- INSTRUCTIONS TO FOLLOW -
Drop every image, then reproduce the data exactly as given.

#### SOURCE DATA

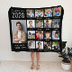 Black graduation keepsake fleece blanket featuring a 17 photo collage of the graduate through their school years and their name in a modern white typography. Add your personalized captions under each photo.
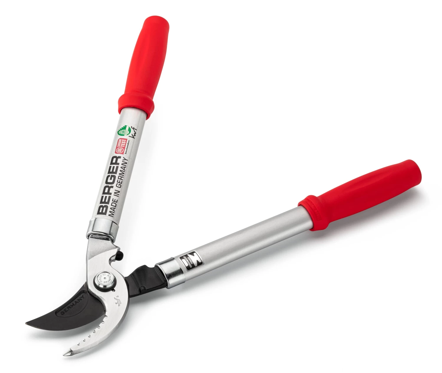 Er zijn momenten waarop niets wordt gespaard voor de tuinman – zelfs niet het hoofd in het struikgewas steken. Als u oude, dichte en misschien wat knoestige struiken en heesters in uw tuin hebt, weet u waar ik het over heb. Met de grote snoeischaar kom je er nauwelijks doorheen, en met de kleine snoeischaar wordt het uitdunnen van de overwoekerde planten al snel een Sisyfusarbeid. Hier komen de volgende snoeischaren van de specialist Berger in Wuppertal om de hoek kijken, waarvan de voordelen perfect tot hun recht komen bij dergelijke ingegroeide, scheve en kromme struiken. De verkorte handgrepen maken een gecontroleerde geleiding van het gereedschap mogelijk, zelfs op lastige plaatsen, en omdat ze gemaakt zijn van stevige aluminium buizen, kunnen ze nog steeds krachtig worden vastgepakt. De sterke schaarkop is gesmeed uit kwaliteitsstaal. De binnenkanten van beide messen hebben zelfs een ingesmeed oliereservoir, en om het gesneden materiaal steeds in de optimale snijpositie te kunnen houden, is het tegenmes voorzien van bevestigingsinkepingen.
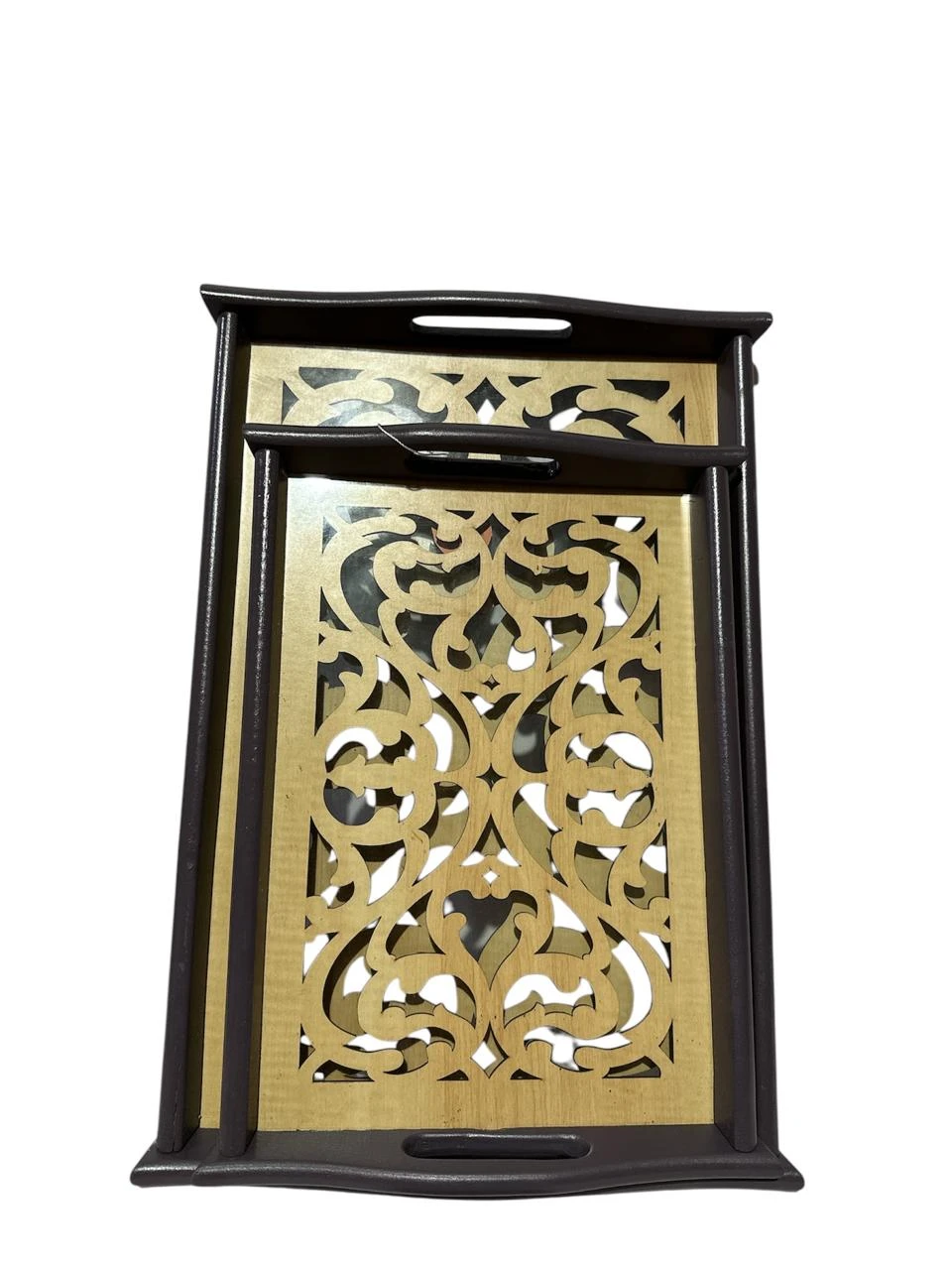 طقم صينيه تقديم 2 قطعة خشب و زجاج ارابسك-مزخرفه
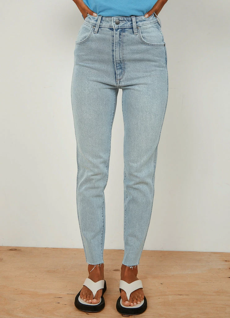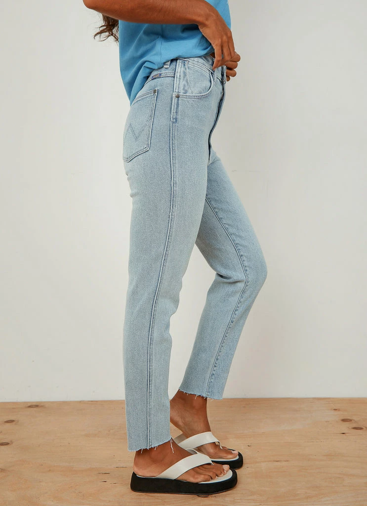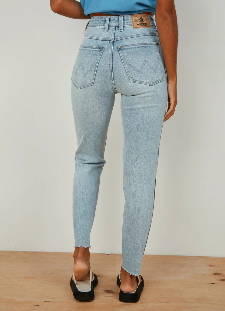 The Tyler fit is Wrangler’s high waisted “Mom” jean that’s relaxed through the seat with a tapered leg. Designed to fit a little loose with wear with cuffs rolled up.
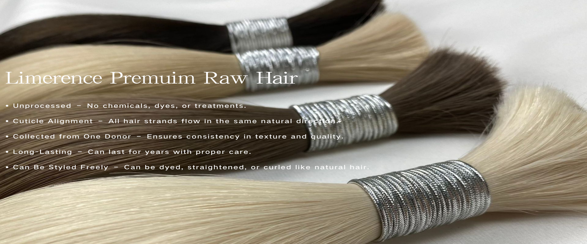 Our gentle, minimal processing retains the hair's natural texture and full cuticle integrity.
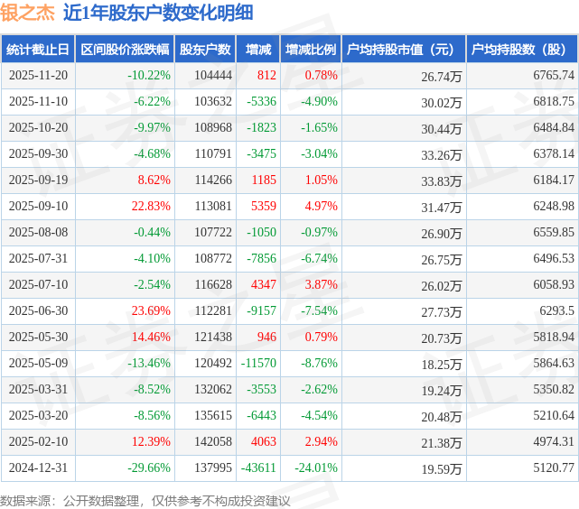 从股价来看,2025年11月10日至2025年11月20日,银之杰区间跌幅为10.22%,在此期间股东户数增加812.0户,增幅为0.78%。
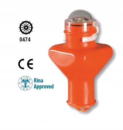 Самовключающийся световой буй из ПВХ оранжевого цвета. Электрические соединения внутри буя выполнены из нержавеющей стали.
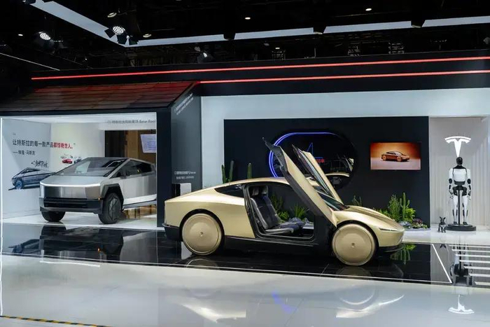 内饰方面,马斯克表示该车不提供方向盘和油门、刹车踏板,将使用特斯拉完全体的FSD自动驾驶。此外,该车型的座椅采用了一体式的概念设计,座椅靠背与坐垫呈现出分段式的造型,中间还配有可收起的中央扶手以及中置的屏幕显示器。
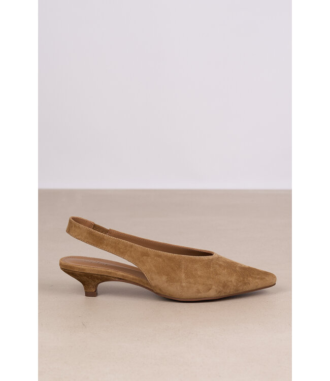 Slingback schoen van Toral combineert elegant camel suède met een verfijnde spitse neus. De schoen is volledig leergevoerd en heeft een leren zool. Een elastische hielband en lage hak bieden optimaal comfort voor een gepolijste, vrouwelijke look.

########

- FINISHED EXERCISE -
 Black graduation keepsake fleece blanket featuring a 17 photo collage of the graduate through their school years and their name in a modern white typography. Add your personalized captions under each photo.
 Er zijn momenten waarop niets wordt gespaard voor de tuinman – zelfs niet het hoofd in het struikgewas steken. Als u oude, dichte en misschien wat knoestige struiken en heesters in uw tuin hebt, weet u waar ik het over heb. Met de grote snoeischaar kom je er nauwelijks doorheen, en met de kleine snoeischaar wordt het uitdunnen van de overwoekerde planten al snel een Sisyfusarbeid. Hier komen de volgende snoeischaren van de specialist Berger in Wuppertal om de hoek kijken, waarvan de voordelen perfect tot hun recht komen bij dergelijke ingegroeide, scheve en kromme struiken. De verkorte handgrepen maken een gecontroleerde geleiding van het gereedschap mogelijk, zelfs op lastige plaatsen, en omdat ze gemaakt zijn van stevige aluminium buizen, kunnen ze nog steeds krachtig worden vastgepakt. De sterke schaarkop is gesmeed uit kwaliteitsstaal. De binnenkanten van beide messen hebben zelfs een ingesmeed oliereservoir, en om het gesneden materiaal steeds in de optimale snijpositie te kunnen houden, is het tegenmes voorzien van bevestigingsinkepingen.
 طقم صينيه تقديم 2 قطعة خشب و زجاج ارابسك-مزخرفه
 The Tyler fit is Wrangler’s high waisted “Mom” jean that’s relaxed through the seat with a tapered leg. Designed to fit a little loose with wear with cuffs rolled up.
 Our gentle, minimal processing retains the hair's natural texture and full cuticle integrity.
 从股价来看,2025年11月10日至2025年11月20日,银之杰区间跌幅为10.22%,在此期间股东户数增加812.0户,增幅为0.78%。
 Самовключающийся световой буй из ПВХ оранжевого цвета. Электрические соединения внутри буя выполнены из нержавеющей стали.
 内饰方面,马斯克表示该车不提供方向盘和油门、刹车踏板,将使用特斯拉完全体的FSD自动驾驶。此外,该车型的座椅采用了一体式的概念设计,座椅靠背与坐垫呈现出分段式的造型,中间还配有可收起的中央扶手以及中置的屏幕显示器。
 Slingback schoen van Toral combineert elegant camel suède met een verfijnde spitse neus. De schoen is volledig leergevoerd en heeft een leren zool. Een elastische hielband en lage hak bieden optimaal comfort voor een gepolijste, vrouwelijke look.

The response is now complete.